WHEN I first met Dosie two years ago, her father had just become our gardener and had not yet requested permission to move his family into our compound in Lahore. He was working up to it gradually by presenting the children to us one by one. It was a sound strategy. They are a handsome and appealing family. After introducing the three older boys he brought Dosie, then almost three, with Fatima, her mother, to meet us one hot May evening. They wore Pakistani shalwar kameez -- long, loose dresses slit up the sides and worn over matching trousers.

Both jingled with bracelets, and Fatima had a gold and ruby nose-flower in one nostril. Dosie wore tiny gold earrings, and her dark eyes were rimmed with black antimony lines, creating the classic doe-eyed look seen on many Pakistani babies.

I scooped her up on sight and hugged her, though years of experience with children should have instilled more reserve in me. Her mother gasped, but Dosie didn't seem to mind. She accepted it as she does the affection lavished on her by her parents and brothers, with a calm graciousness. She is a self-assured, happy child.

Here children start nursery school at age 4. Dosie, the first little girl in her family ever to attend school, wore a white dress and hairbow and carried a rose her father had given her.

``She doesn't cry!'' Anwar, the oldest and most fluent of the boys, told me. ``Some of the other children cry a lot, but Dosie likes school.''

This augured well for the educational experience, but vacations posed problems. From May through mid-September, temperatures outside are seldom less than 100 degrees F. Even so, Pakistani children play out-of-doors in the cooler hours of the day. Cricket bats and a badminton set seemed in order for the boys, and a doll for Dosie.

At first Dosie trailed along after the boys to the park across the street, carrying her doll, carefully wrapped in plastic to keep it clean. Eventually she left the doll at home and joined in the game. Since I come from a baseball rather than a cricket culture, I cannot evaluate her performance. She seemed to spend most of her time chasing balls in what I would call the outfield.
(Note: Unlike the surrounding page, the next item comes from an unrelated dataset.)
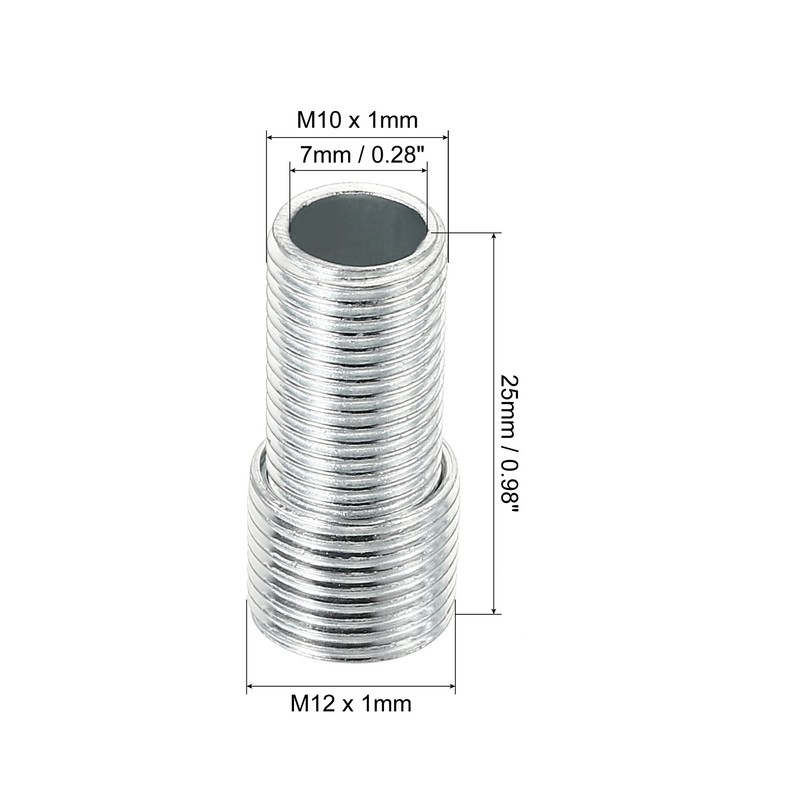 - Specification: Material: Carbon Steel; Bigger External Thread: M12; Smaller External Thread: M10; Thread Pitch: 1mm; Height: 25mm / 0.98 inch; Inner Diameter: 7mm / 0.28 inch
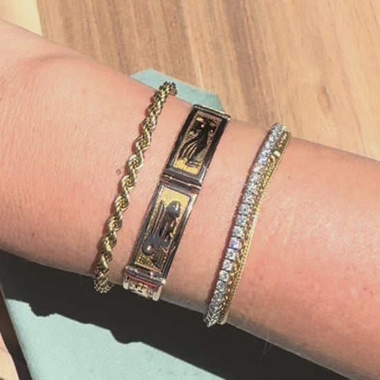 Punching well above its weight class, this classic 14K yellow gold rope chain bracelet is the definition of versatile. It adds some extra oomph to any wrist stack or it can be paired with another chain to be styled as a necklace (my favorite look so far is as a choker). Oh, and the patina is perfect. Scoop this one up, you won’t be sorry. Details below.

This year hockey is the big game, and when we went to buy hockey sticks for the boys, Dosie came along for the ride.

``What shall we get her?'' I asked Anwar as I glanced around the store looking for something girlish -- a tea set, perhaps, or hair-curling kit.

``She wants a hockey stick,'' he said, giving me a helpless look. The salesman rummaged around and found one for her in the smallest size.
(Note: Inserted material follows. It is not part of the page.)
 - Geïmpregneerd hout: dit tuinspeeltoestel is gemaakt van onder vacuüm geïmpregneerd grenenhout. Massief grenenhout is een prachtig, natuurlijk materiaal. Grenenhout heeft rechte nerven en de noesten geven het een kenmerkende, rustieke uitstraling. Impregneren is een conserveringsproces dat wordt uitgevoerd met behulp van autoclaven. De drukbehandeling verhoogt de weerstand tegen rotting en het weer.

When we got home, Dosie was the first to show up for the game, smiling broadly and waving her stick in the air. But in spite of Anwar's expert coaching, she kept swinging and missing, reminding me of my own early days on the golf course.

I wanted badly to be able to say, ``Eye on the ball, Dosie!'' in Urdu or Punjabi.

We were in the monsoon season, and midafternoon rain interrupted the game. It seemed a good time to talk with Fatima.

``Girls American school hockey,'' I said, stretching my Urdu to the limit. ``Pakistani girls play hockey, too,'' she laughed.

I sighed with relief. I had not flouted local custom.

By evening the team was at it again. ``Dosie is good!'' Anwar called to me from the lawn. Of course. With the family support she has, it's hard to imagine that Dosie could fail to make the 1998 All-Pakistan Girls' Field Hockey team.